--- START ---

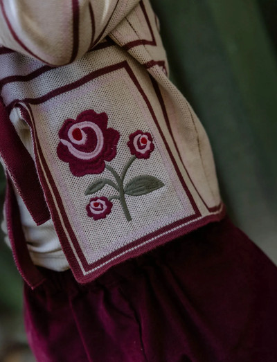 Denne strikkede cardigan har en charmerende lukning med bindebånd foran. Broderede rosenmotiver og bordeauxfarvede detaljer tilføjer et elegant touch. Den er afsluttet med lange ærmer, der giver en fin volumen.
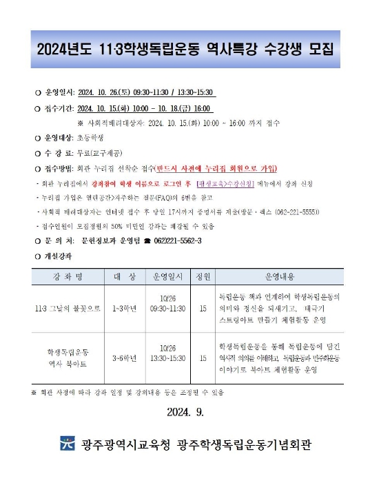광주학생독립운동기념회관 정운용 관장은 “회관의 특성을 살려 역사와 체험활동을 연계한 특강을 준비했다”며 “올바른 역사인식 제고 및 역사에 관한 관심과 흥미를 유발할 수 있도록 다양한 프로그램을 추진하겠다”고 말했다.
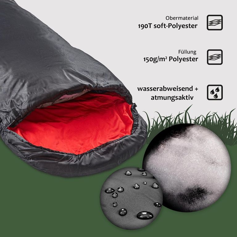 Wykonany z wodoodpornego i odpornego na rozdarcia poliestru i wypełniony wypełnieniem z pustych włókien, ten śpiwór jest stworzony, aby towarzyszyć Ci podczas wszystkich przygód na świeżym powietrzu.
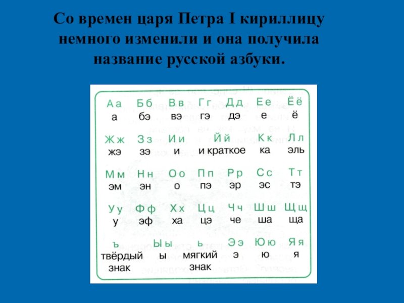 Со времен царя Петра I кириллицунемного изменили и она получила название русской азбуки.
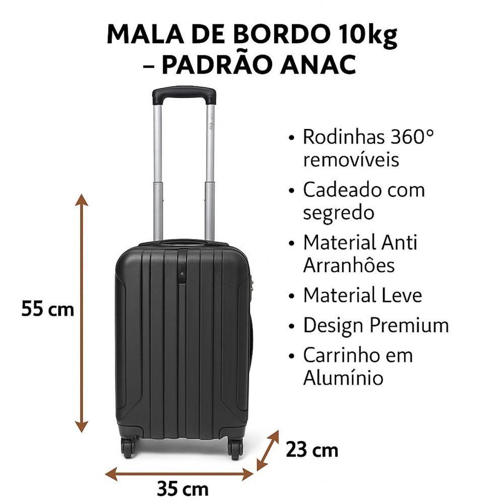 Mala De Viagem De Bordo P/ 10kg Em Abs Com Rodinhas 360º Removíveis E Leve - Padrão Anac - Qualis Cor Preto Mb003
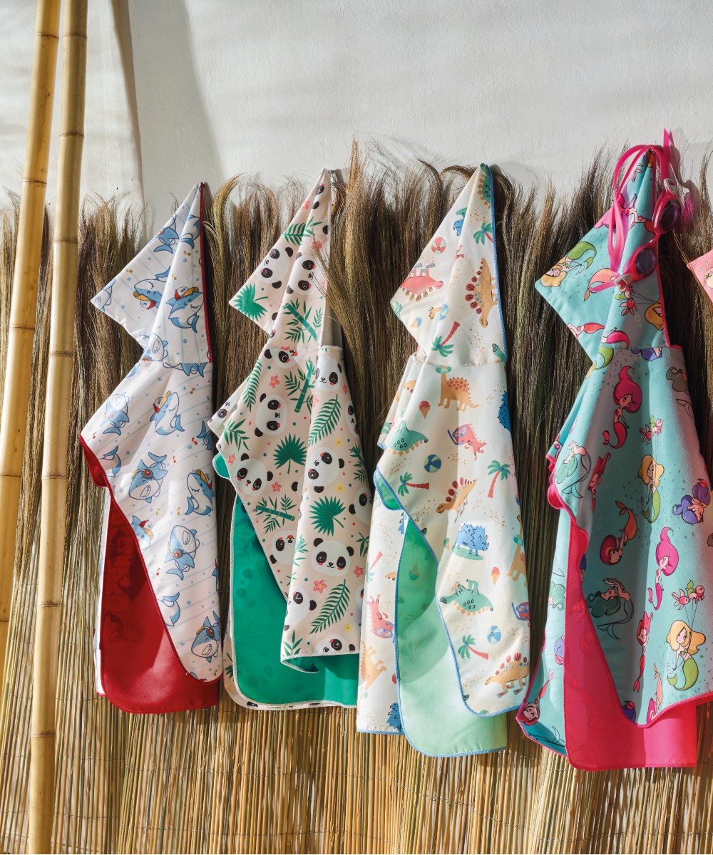 Παιδικό poncho κατασκευασμένο από από μικροϊνες (microfiber). Εξαιρετικά απορροφητικό, ελαφρύ, με ελάχιστο όγκο, μοναδικό για την προστασία των παιδιών από τον ήλιο κατά την παραμονή τους στην θάλασσα. Στεγνώνει γρήγορα και είναι πολύ ανθεκτικό.
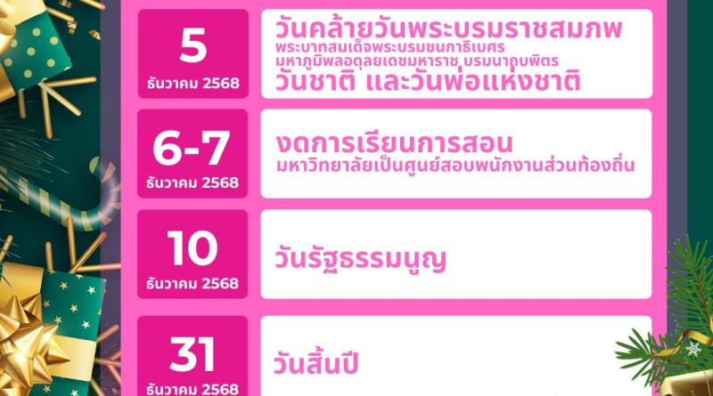 ประกาศวันหยุดสำนักวิทยบริการฯ ประจำเดือนธันวาคม 2568 รายละเอียดเพิ่มเติม Recent Posts
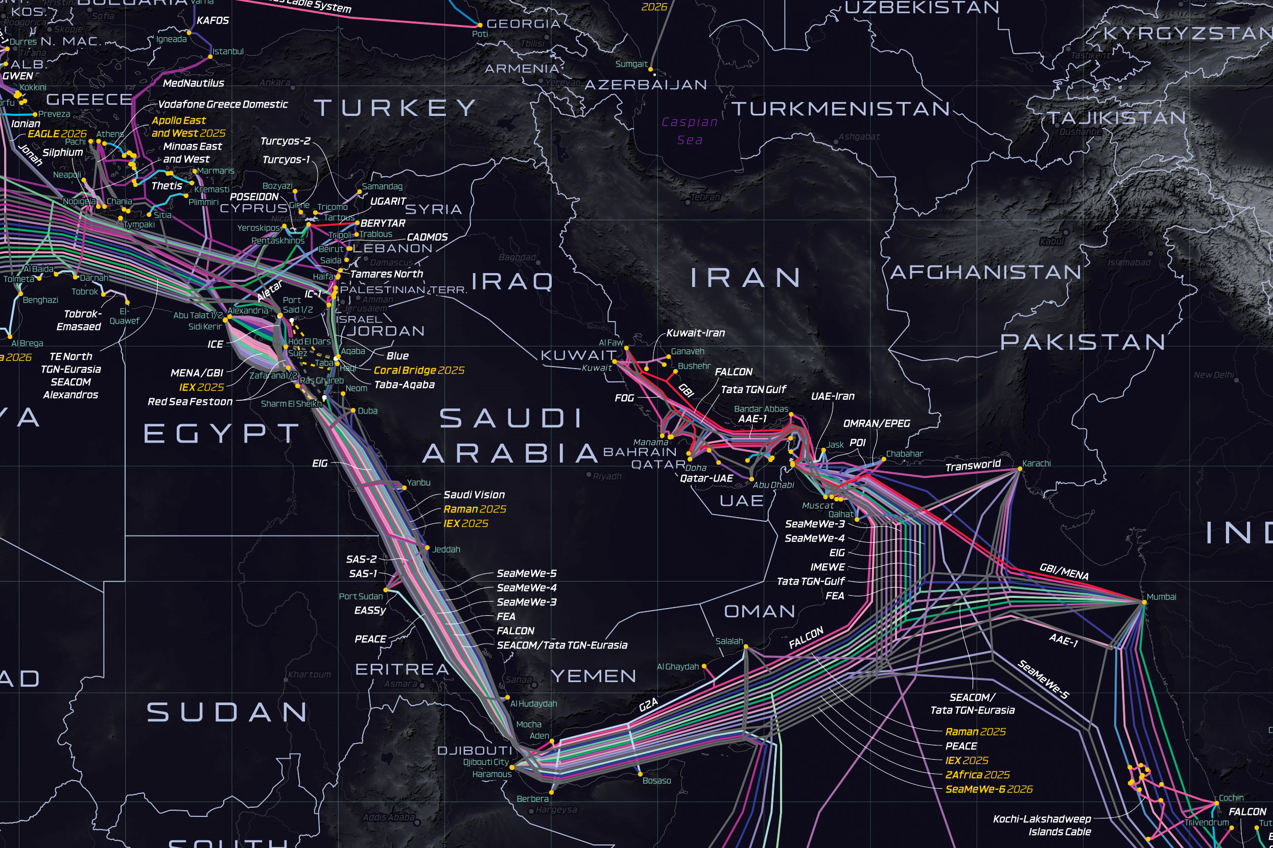 تمر عبر هذه المنطقة حوالي 17% من حركة الإنترنت العالمية، بينما تعتمد أكثر من 90% من الاتصالات بين أوروبا وآسيا على هذا المسار الذي يمر عبر قناة السويس المصرية.
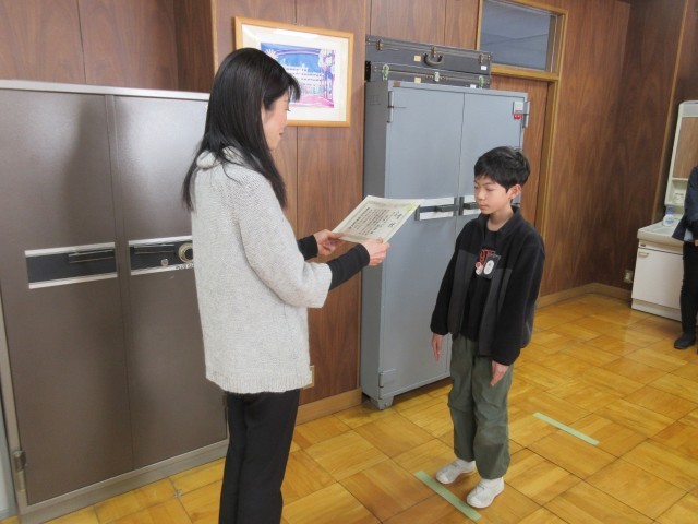 本日は、今年度最後の朝会を行いました。はじめに、読書感想画コンクールの表彰を行いました。校長先生からは、風邪予防として手洗い・うがいをしっかり行うことの大切さについてお話がありました。また、新しく赴任された用務員さんの紹介もありました。続いて図書委員会から、「さざんか読書週間」についてのお知らせがありました。今年度の登校日も残り30日あまりとなりました。一日一日を大切に過ごし、次の学年へとつなげていけるよう、引き続き頑張っていきましょう。
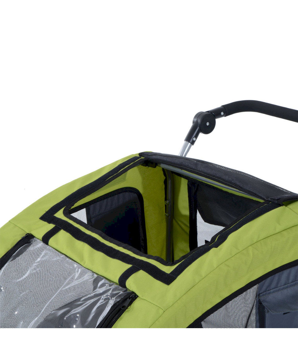 Doppelt praktisch: Mit diesem Fahrradanhänger für Tiere befördern Sie Ihre vierbeinigen Schützlinge sicher überallhin. Die voll gefederte Hinterachse und die luftgefüllten Reifen sorgen für eine sanfte Fahrt. Im Handumdrehen und ganz ohne Werkzeug wird aus dem Fahrradanhänger ein schiebbarer Haustierwagen.
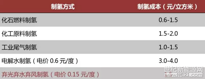 目前弃光、弃风和弃水发电的成本价格为0.15元/度,据此计算出的电解水制氢成本为1.5元/立方米,这已经远低于利用上网电电解水制氢的成本,且与化石燃料(煤、焦炭和天然气)制氢的成本上限接近(表1)。所以,未来氢能产业链下游储运等环节一旦取得突破,新能源支持的大规模电解水制氢的市场份额将出现增长,氢能成本也会进一步降低。
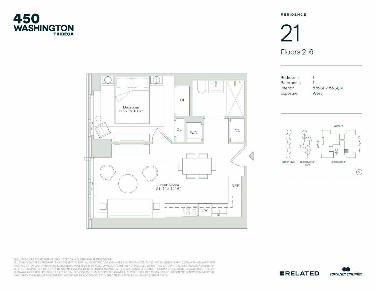 Leveraging RELATED’s expertise in pairing of lifestyle programming and best-in-class property management, this highly-serviced property will include a comprehensive amenity suite, including a 12th floor roofdeck with magical Hudson River sunset views, golf simulator, lounge with fireplace, private dining room, business center, fitness center, and children’s imagination center. Residents of 450 Washington will also enjoy exclusive programming, community events and preferred access, tickets and other benefits to an elite segment of art, media, fashion, culinary, wellness and cultural experiences provided by Related Life. Parking and storage are available for additional fee.

--- END ---

## EXERCISE DESCRIPTION
Only an exact copy of the lines from the top of the entries through the line with "광주학생독립운동기념회관 정운용 관장은", both included, should be given, with all pictures omitted.

## TASK RESPONSE
 Denne strikkede cardigan har en charmerende lukning med bindebånd foran. Broderede rosenmotiver og bordeauxfarvede detaljer tilføjer et elegant touch. Den er afsluttet med lange ærmer, der giver en fin volumen.
광주학생독립운동기념회관 정운용 관장은 “회관의 특성을 살려 역사와 체험활동을 연계한 특강을 준비했다”며 “올바른 역사인식 제고 및 역사에 관한 관심과 흥미를 유발할 수 있도록 다양한 프로그램을 추진하겠다”고 말했다.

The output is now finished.